The first subtask can be solved by simply checking if there is at least one happy programmer for each possible assignment of tasks. There are $N^N$ possible task assignments in total.

The second subtask can be solved using the inclusion-exclusion principle. If with $a(S)$, where $S\subseteq \{1,2,\dots ,N\}$, denotes the number of task assignments in which all programmers from set $S$ are happy, then the number of good assignments is equal to

$${\displaystyle \sum _{S\subseteq \{1,2,\dots ,N\}}(-1{)}^{|S|+1}a(S)}$$

Let $S=\{s_1,s_2,\dots ,s_k\}$. If $s_1+s_2+\cdots +s_k>N$ then obviously $a(S)=0$. Otherwise, it holds

$${\displaystyle a(S)=(\genfrac{}{}{0ex}{}{N}{s_1})(\genfrac{}{}{0ex}{}{N-s_1}{s_2})\dots (\genfrac{}{}{0ex}{}{N-(s_1+s_2+\cdots +s_{k-1})}{s_k})(N-k{)}^{N-(s_1+s_2+\cdots +s_k)}}$$

Binomial coefficients can be precomputed using the well-known relation $(\genfrac{}{}{0ex}{}{n}{k})=(\genfrac{}{}{0ex}{}{n-1}{k-1})+(\genfrac{}{}{0ex}{}{n-1}{k})$ in time complexity $\mathcal{O}(N^2)$.

The total time complexity is $\mathcal{O}(N{2}^N)$.

Finally, the third subtask can be solved using dynamic programming.

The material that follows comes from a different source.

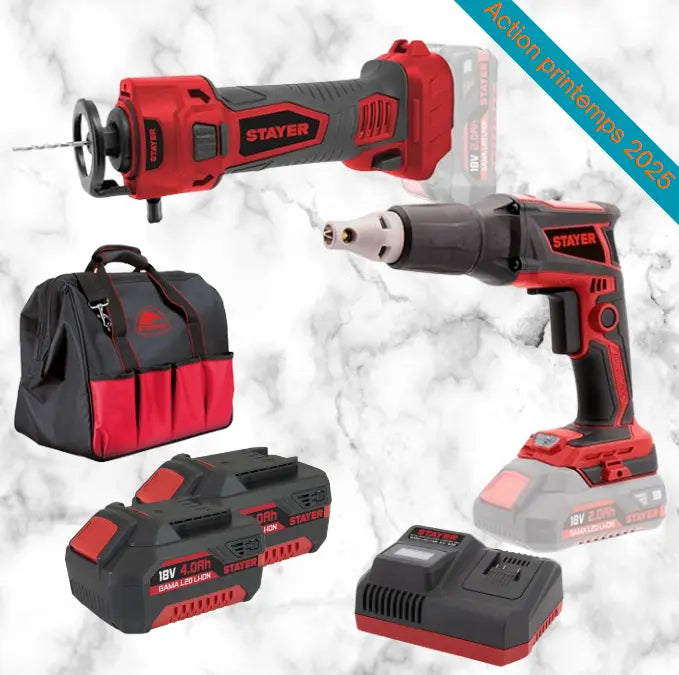 Batterie STAYER Li-ion HGH-TECH, L20 avec protection contre la surcharge, la décharge de la batterie, la surchauffe et les courts-circuits. Indicateur de charge LED.

Let $dp(n,k)$ be the number of assignments of $k$ tasks to $n$ programmers among which there is at least one happy programmer. There are two possibilities – we can give the $n^{\text{th}}$ programmer exactly $n$ tasks (and make him happy), or we won't. In the first case, if $k\ge n$, the number of ways equals

$${\displaystyle (\genfrac{}{}{0ex}{}{k}{n})(n-1{)}^{k-n}}$$

and in the other it equals

$${\displaystyle \sum _{0\le i\le k,i\ne n}(\genfrac{}{}{0ex}{}{k}{i})dp(n-1,k-i)}$$

The total time complexity is $\mathcal{O}(N^3)$.